Song of the South is considered unreleasable because it tells a G-rated tale, absent historical context, set in what was decidedly a non G-rated time immediately following the Civil War. Sins of omission and so forth. Got it.

In Pom Poko, a family of Japanese raccoon dogs fights to protect their land from developers…using, among other things, the power of their magic scrotums. This is just fine to distribute, so long as the English dub calls them “pouches.”

Lesson learned: it is okay to like furry characters with huge nutsacks, but not to act like slavery didn’t ruin people’s lives. As that is pretty much the Topless Robot philosophy also, it seems I’m more in tune with Disney than I thought.

John Wick – An enjoyable throwback to the days of star-driven action films that mostly relied on brawls and confined shootouts rather than massive digital-explosion extravaganzas, John Wick puts Keanu Reeves back in his comfort zone, as a guy who doesn’t talk too much but knows how to fight. In a world where there are apparently no such things as civilians, he takes on almost everybody after some stupid kid has the nerve to kill his dog. That’s pretty much the entire plot, and the rest is delicious decoration – the Blu-ray features director commentary and several featurettes.

Tales From Earthsea – After seeing Spirited Away, Ursula Le Guin gave Hayao Miyazaki permission to do an Earthsea anime, but as he was busy working on Howl’s Moving Castle, the job went to his son Goro. Le Guin initially made positive comments, but has since been more mixed, as the movie combines elements from several of her books to tell a new-ish story. I haven’t seen the movie, but I think you’d have to change some things to make the books more cinematic – The Tombs of Atuan, from what I remember, would have to be almost entirely shot in darkness to be book-accurate, for example.

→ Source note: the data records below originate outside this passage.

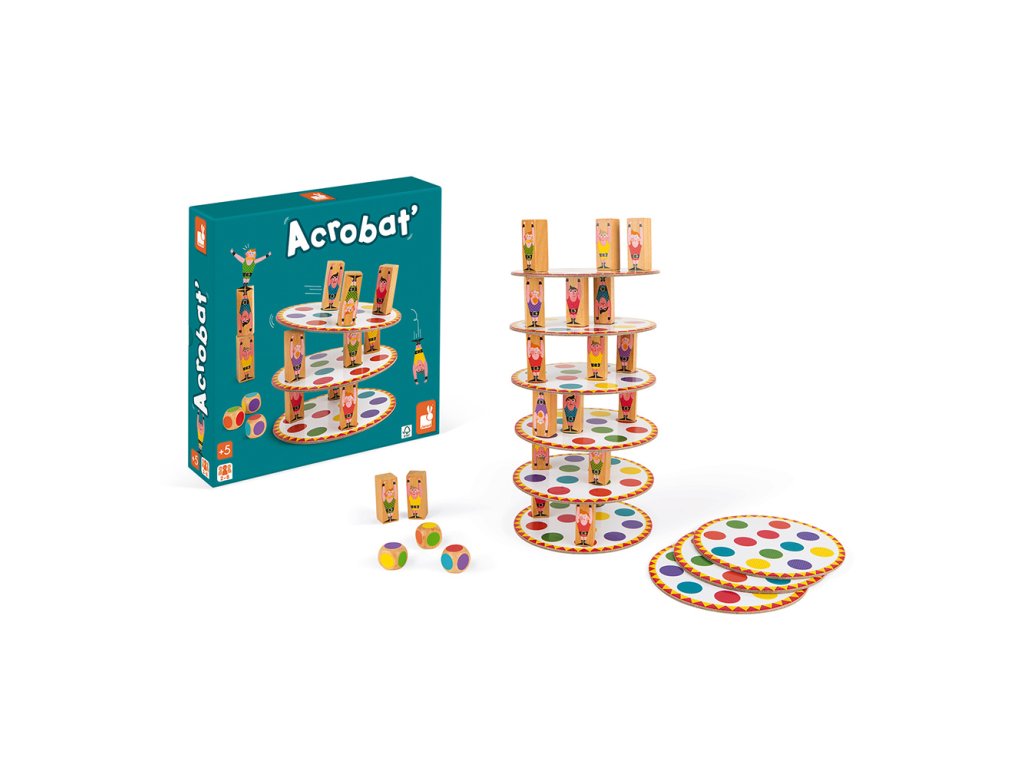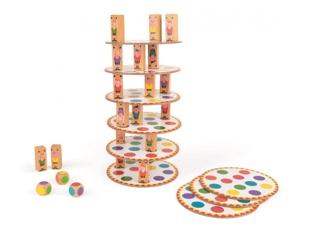 Hra je výborná pre všetkých, ktorí chcú potrénovať svoje strategické myslenie, motorické schopnosti a najmä sústredenosť Hádžte kocky a strategicky umiestnite svojich akrobatov tak, aby ste vytvorili čo najvyššiu vežu. Prvá osoba, ktorá zrazí vežu prehráva!
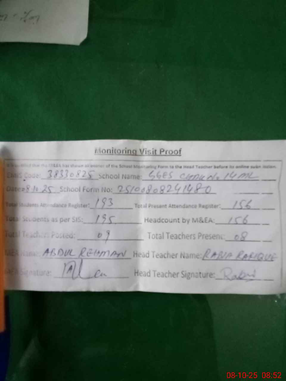 | Attendance Register | Head Teacher | MEA with School | Visit Proof |
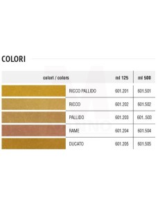 Vernice all'acqua, pigmentata con bronzo in polvere, nelle diverse tonalità.

Porco Rosso – One of Hayao Miyazaki’s most acclaimed films that I have yet to see, it’s the story of a World War I flying ace transformed into a humanoid pig. Miyazaki didn’t ONLY make good movies when pigs fly, but it certainly didn’t hurt.

Dracula Untold – Nope, nope, nope. Please don’t buy this and encourage Universal to stay on the path of rebooting their classic monsters as pretty-boy dorks in a shared cinematic universe. PLEASE.

Ouija – Yes, yes, I’m so very scared of a mass-produced board game that will make my house haunted. Whatever.

Dragon: The Bruce Lee Story – Oddly supernatural biopic of Bruce Lee, which tells us of how his family was cursed, as depicted by a giant warrior who looks like Shredder and who shows up in dreams to fight Bruce periodically. SPOILER for a semi-true story – at the end of the movie, he dies but beats the demon, lifting the curse…and then text onscreen tells us his son Brandon died young on the set of The Crow anyway. Bummer.

Starry Eyes – An aspiring actress finds that auditioning for the right part can involve a literal deal with the devil. The stars in her eyes turn out to be pentagrams. Sounds like a true story.

Kull the Conqueror – Before everybody ragged on Kevin Sorbo for being a judgmental religious douchewad, we ragged on him because of how badly this Robert E. Howard adaptation sucked.

ABCs of Death 2 – 26 short films that involve somebody dying, by terrifying and/or amusing means. Best viewed while drunk.

Thunder & the House of Magic – Some fucking cartoon cat lives in a house where there are gadgets and an angry rabbit and Selena Gomez songs, and it’s all in 3D. And it’s called Thunder & the House of Magic.

Those are the titles on my radar today. What did I miss?